关键设计:在模型设计中,我们设置了高质量字幕的随机采样机制,采用了软路由机制来维护结构一致性,并在特征聚合阶段采用统一的融合策略,以确保多粒度特征的有效整合。
📊 实验亮点
在四个公共数据集上的实验结果表明,NEXT框架在识别准确率上显著优于现有最先进的方法,具体提升幅度达到XX%(具体数据待补充),验证了其有效性和实用性。
🎯 应用场景
该研究的潜在应用领域包括智能监控、自动驾驶、安防系统等,能够在复杂环境中实现高效的物体重识别。通过提升多模态识别的准确性,未来可为人机交互、智能城市等领域带来更大的价值和影响。
📄 摘要(原文)
Multi-modal object Re-Identification (ReID) aims to obtain accurate identity features across heterogeneous modalities. However, most existing methods rely on implicit feature fusion modules, making it difficult to model fine-grained recognition patterns under various challenges in real world. Benefiting from the powerful Multi-modal Large Language Models (MLLMs), the object appearances are effectively translated into descriptive captions. In this paper, we propose a reliable caption generation pipeline based on attribute confidence, which significantly reduces the unknown recognition rate of MLLMs and improves the quality of generated text.
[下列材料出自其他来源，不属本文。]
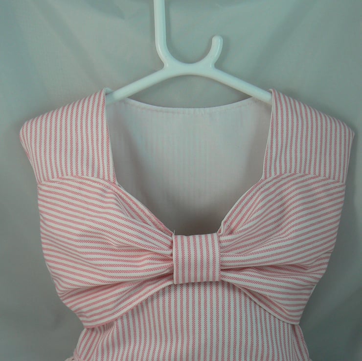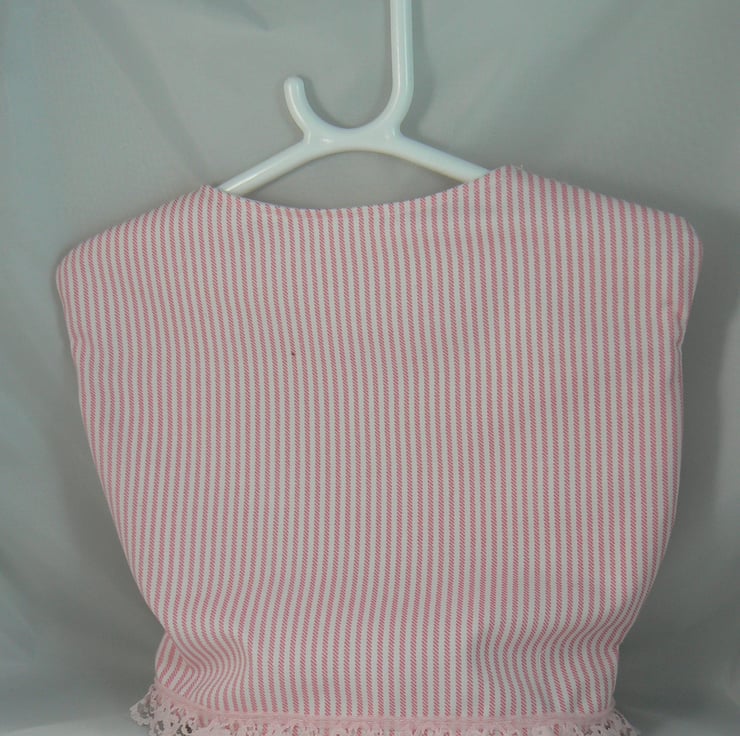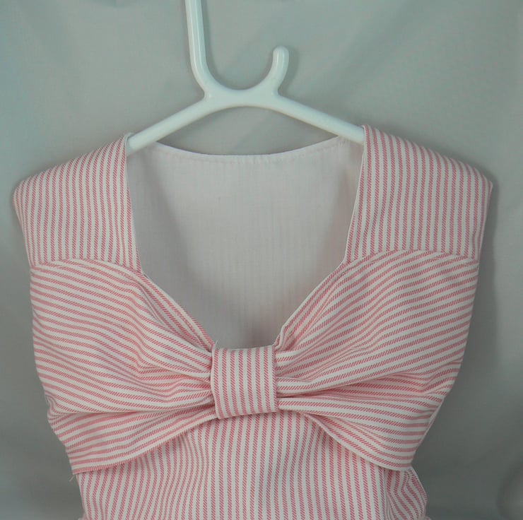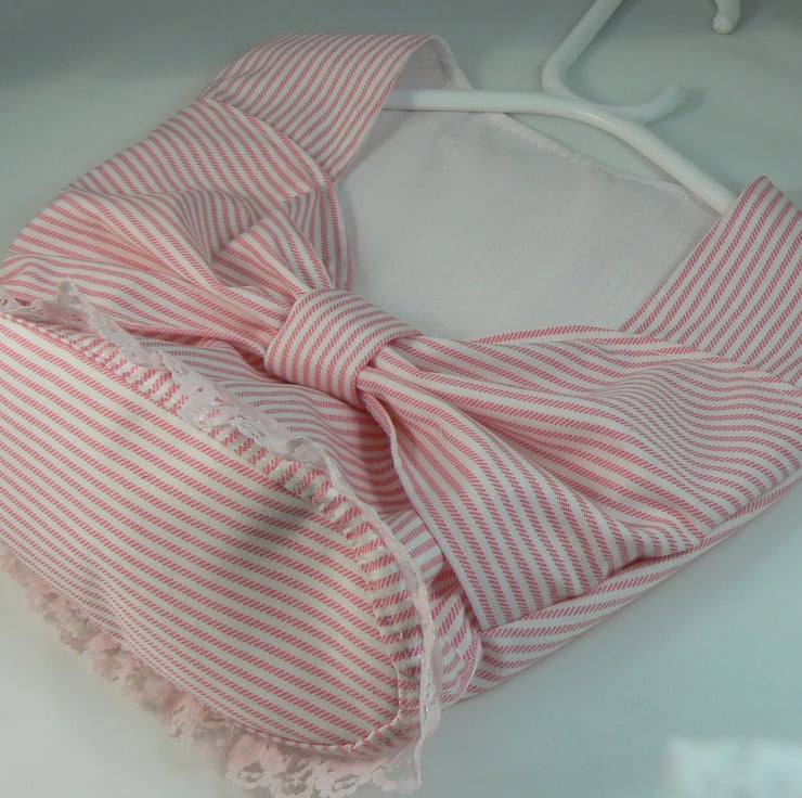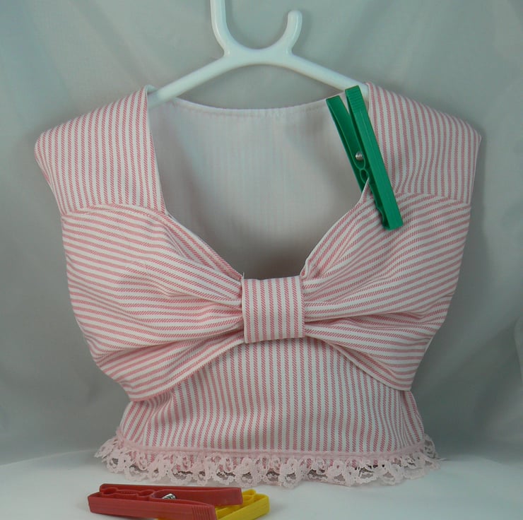 I have made this peg bag out of a strong cotton striped material and lined with white polycotton. I thought a little crop top style, with bow would look great for a peg bag. As you can see from one of the photo's I have designed it with a gusset at the bottom which makes it much easier to get the pegs out and this part has a very strong interfacing buit in. I have not used a child hanger but cut down a Adult size one as it is so much stronger (easily removed for washing)
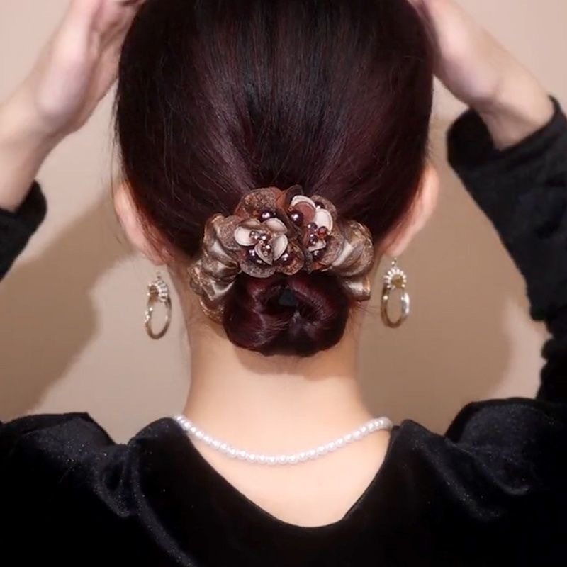 black double flower hair ring
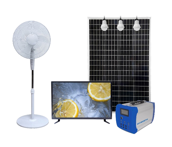 Enables a family to live a fire hazard free life with no air pollution from burning kerosene. Stand-alone system general includes a solar panel, Liion batteries, energy-efficient LED lights, multiple cell phones charger plugs, and DC appliance like fan/TV.
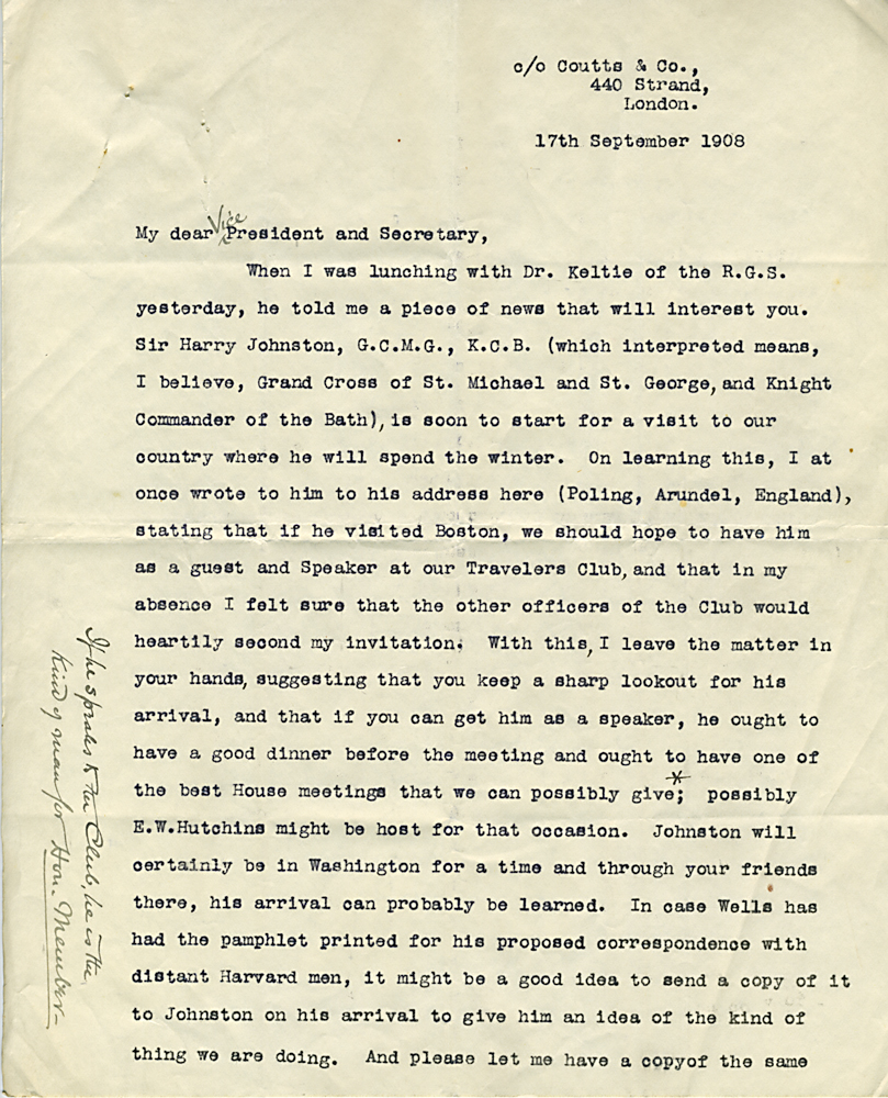 HARVARD TRAVELLERS CLUB ARCHIVES (Box 07, Folder 01) Correspondence Prior to 1911.

Additionally, to model diverse identity patterns, we propose a novel ReID framework, named NEXT, the Multi-grained Mixture of Experts via Text-Modulation for Multi-modal Object Re-Identification. Specifically, we decouple the recognition problem into semantic and structural branches to separately capture fine-grained appearance features and coarse-grained structure features. For semantic recognition, we first propose a Text-Modulated Semantic Experts (TMSE), which randomly samples high-quality captions to modulate experts capturing semantic features and mining inter-modality complementary cues. Second, to recognize structure features, we propose a Context-Shared Structure Experts (CSSE), which focuses on the holistic object structure and maintains identity structural consistency via a soft routing mechanism. Finally, we propose a Multi-Grained Features Aggregation (MGFA), which adopts a unified fusion strategy to effectively integrate multi-grained experts into the final identity representations. Extensive experiments on four public datasets demonstrate the effectiveness of our method and show that it significantly outperforms existing state-of-the-art methods.